The IOC will release the full details on the qualification process in early 2018 (the qualification period will start a few months later), but they’ve made it clear that only 20 men and 20 women will have the chance to compete in Tokyo, and there will likely be a cap of two or three surfers per country. With nations like Brazil, Australia, France, Portugal, Tahiti, South Africa, Fiji, Spain and the USA with one or more surfers on the World Tour and the upper echelon of the Qualifying Series, getting even a single Chinese national in the games will be a very tall order, even with all the support the Chinese Government can offer.

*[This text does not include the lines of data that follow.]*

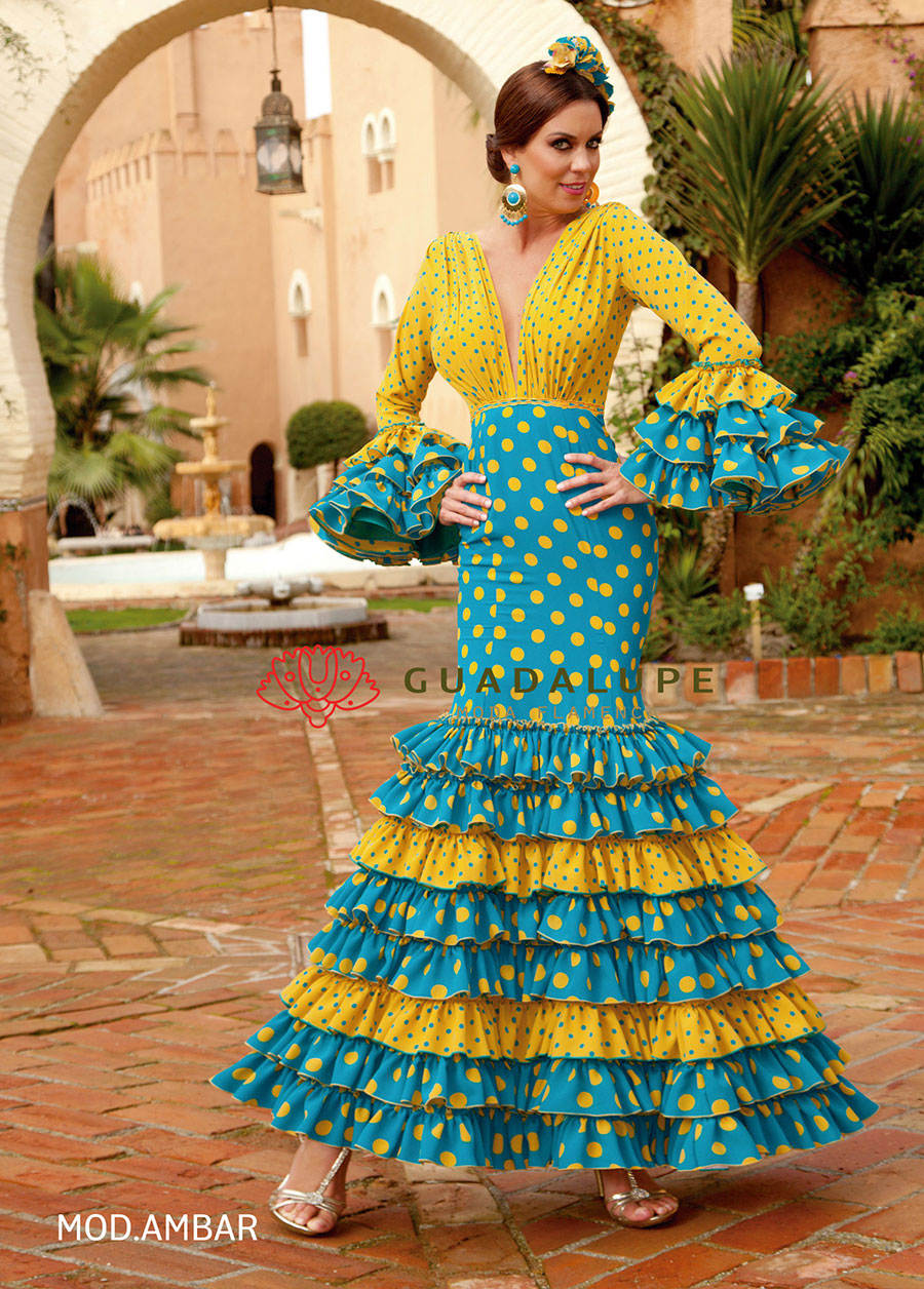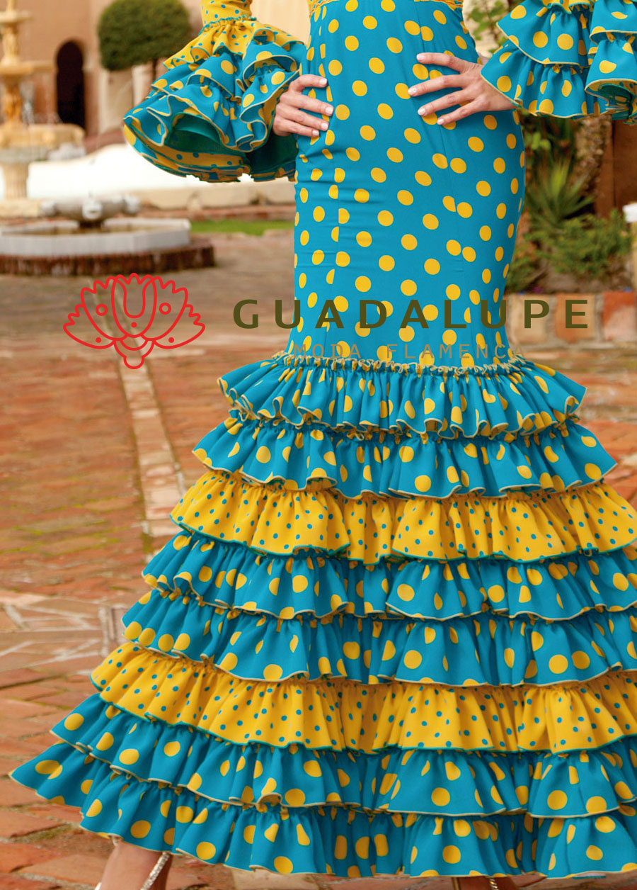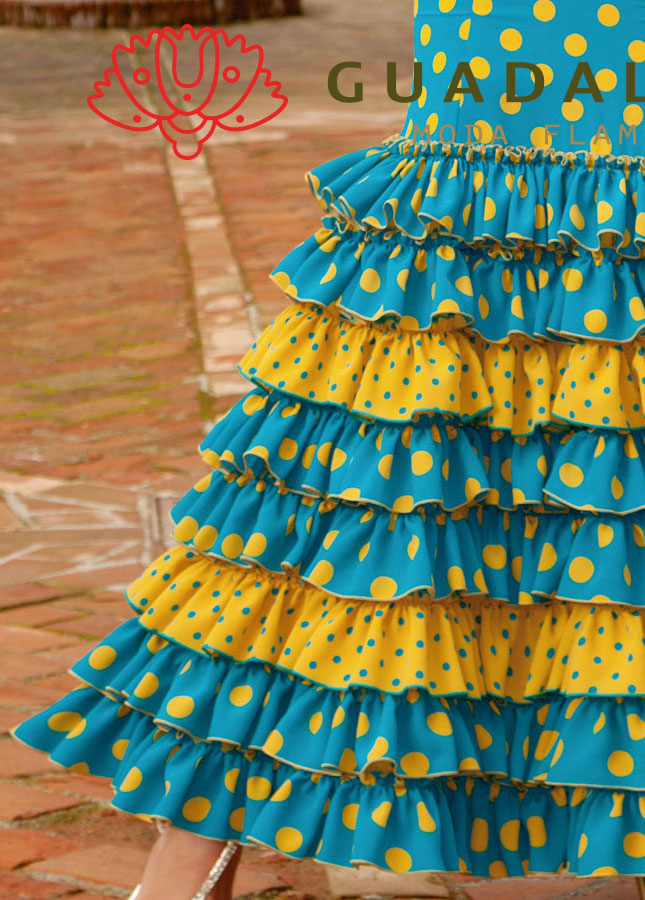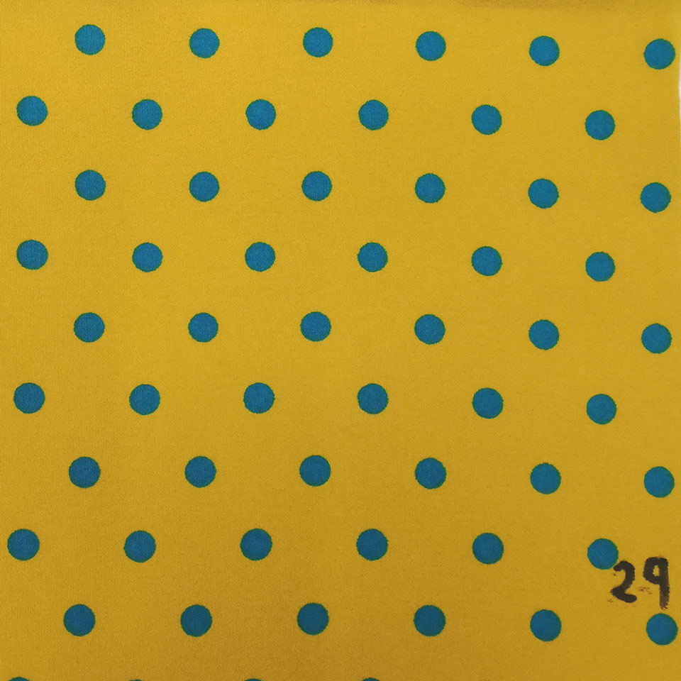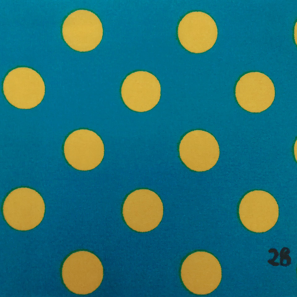 マスタードイエローと濃いターコイズブルーの水玉柄がポップで楽し気な雰囲気のワンピースです。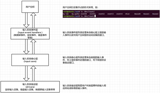 在Linux输入系统中,主要分三层进行管理,分别是input core(输入系统核心层)、drivers(输入系统驱动层)以及event handlers(输入系统事件层),如下图所示,这就是Linux输入系统的基本框架:
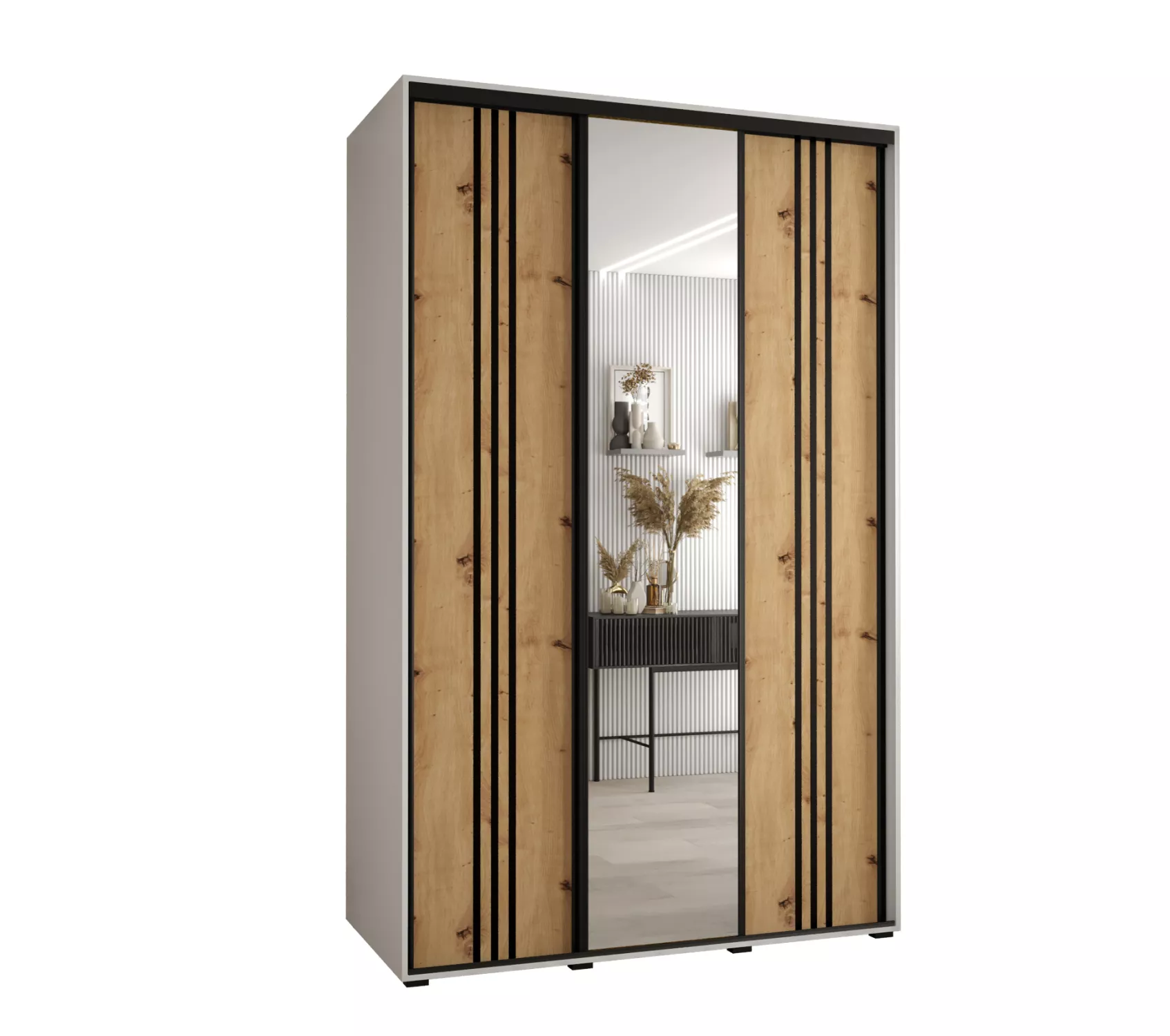 Šatní skříň ASIRI 7 - 160/45 cm, bílá / dub artisan / černá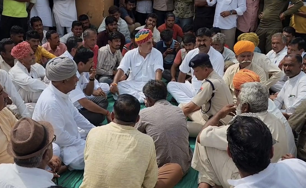जैसलमेर में हादसे में युवक की मौत के बाद धरने पर बैठे लोग.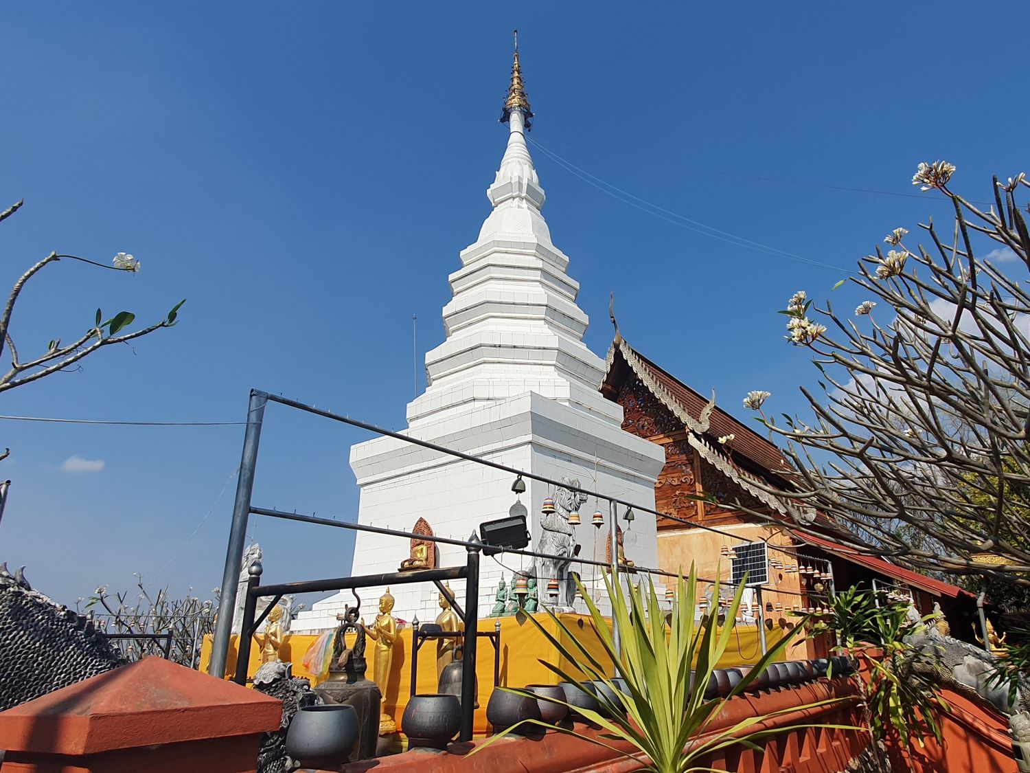 Prathat Doi Hang Bat is a square shaped white stupa with a white spire crowned by golden chatra. The founder and the construction date remain unknown. Legend has it that the Buddha, during his lifetime, paid a visit to the hill where the temple would later be founded and prepared his alms bowl for a daily alms round. In the local dialect, the act of preparing an alms bowl is called 'hang bat'.

But if a Chinese surfer did qualify in 2020, it wouldn’t be the first time China had successfully taken beginners in a certain sport and transformed them into first-rate athletes. A little over 10 years ago, when China decided to build an Olympic snowboard team, the government chose a handful of gymnasts and acrobats, handed them boards and bindings and moved some of them to Whistler, British Columbia, to train with foreign coaches. Jiayu Liu was selected for the program at age 11 based on her martial arts skills. Seven years later, she placed fourth in the halfpipe event at the 2010 Vancouver Olympics.
For the surfers, however, Townend isn’t getting too ahead of himself. He sees this as a long-term project and is trying to convince the government to do the same. “I know I can close the gap,” he said. “But I don’t think I can close the gap as fast as the Chinese Government thinks it can be closed. It’s going to take some time.”